Are you using Apple or Android or Windows etc.
Are you using an ad blocker?

I turned my ad blocker off yesterday (Android) but I've not seen any problems yet.


----------



## TTFAdmin (Feb 1, 2012)

Thank you, John H. The more details you can provide, the better we can assist you. These are not supposed to be on the site and need further details from you guys so we can be sure to have it removed.

Please provide the following details next time this occurs:

1. Capture the URL of the ad itself (not the page on our site that it appears)
2. Snag a screenshot so we can see what you see
3. Device/browser you are using 
4. Your geo-location (city/state - sometimes these pop ups/redirects are region based)

Thank you for your patience and understanding.

Cheers,
Natalie


----------



## alexgreyhead (Oct 12, 2015)

Hi all,

This looks like a typical type of advert spam and on websites I've worked on in the past which suffered this problem, the only solution was to switch to using an advert service with better protection against this spam.

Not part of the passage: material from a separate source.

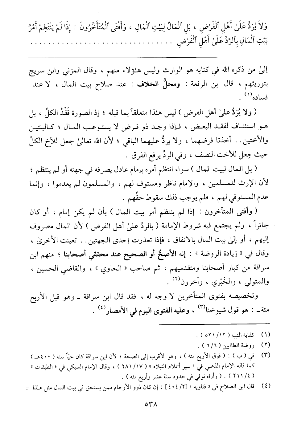 (وأفتى المتأخرون: إذا لم ينتظم أمر بيت المال) بأن لم يكن إمام، أو كان جائرًا، ولم يجتمع فيه شروط الإمامة (بالردِّ على أهل الفرض) لأن المال مصروف إليهم، أو إلى بيت المال بالاتفاق، فإذا تعذرت إحدى الجهتين .. تعينت الأخرى، وقال في "زيادة الروضة": إنه الأصحُّ أو الصحيح عند محققي أصحابنا؛ منهم ابن سراقة من كبار أصحابنا ومتقدميهم، ثم صاحب "الحاوي"، والقاضي الحسين، والمتولي، والخَبْري، وآخرون (٢).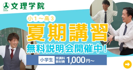 「成績が上がった!」「安定した!」という声が多数届いています。文理学院の指導は、学習習慣が自然と身に付き、自主的に勉強する力が育ちます。テストの点数や順位でも手応えを実感できます。欠席時には振替授業と個別対応でしっかりフォローするので、部活や習い事との両立も可能です。プロ教師による質の高い授業を、無理のない価格でご提供いたします。生徒の性格や状況に応じた、きめ細やかな支援が好評です。今こそ実力アップのチャンスです。短期間で効率的に学べる文理の夏期講習なら、基礎固め&応用力アップができます。充実したカリキュラムとプロ教師の指導で、学ぶ力を育てます。

I can reproduce this issue when I'm connected to 4G - it _isn't_ happening on wifi.

Also, it's worth mentioning that this happens when I choose "Request desktop site", too and I'm viewing the desktop version of the forum - this doesn't rule out the possibility that the forum software's mobile theme is injecting (or allowing the injection of) the code.

Steps to reproduce:

- On iPhone with wifi disabled, connected via 4G, on O2 in London area if that helps
- Chrome browser
- Navigate to ttforum.co.uk
- Navigate to the Mk1 forum
- Navigate to the coilpack recall page
- Wait approx 15 seconds
- A redirect occurs to the link below (to make the link work, remove the space before the ".info" - don't click the link though!)

http://wfd.daily-sweeptakes .info/index.html?t=1wjYa_t7oJgCR66chO4i3Q-2HpFhxeR9YwHXDGbTJMn1FqaKeRD-g14IR2S7WhfXFOzdEepjFODQ5Swi_FEFXJItbIysPg4wbU4PWHM7_P8%3D&d=ukiphone&td=m.ilritj92ic.com&pub=rubicon&app=25062&dev=%7B%7B%7Bdev%7D%7D%7D&os=ios&isp=telefonica%20uk%20limited&city=london&brand=Apple&model=iPhone&pub=rubicon&region=LN&country=UK&browser=Chrome%20Mobile&ip=82.132.226.79




























Hope this helps,

Alex


----------



## TTFAdmin (Feb 1, 2012)

Thanks Alex.

All that info has been sent along to be investigated and blocked.

Kevin


----------



## alexgreyhead (Oct 12, 2015)

No probs, cheers for looking into this Kevin.

Best of luck with the ad spammers.


----------



## TTFAdmin (Feb 1, 2012)

Appreciate it. It's a never ending struggle of whack-a-mole. If/when we get this under control, I'm sure another tactic will be adopted

Kevin


----------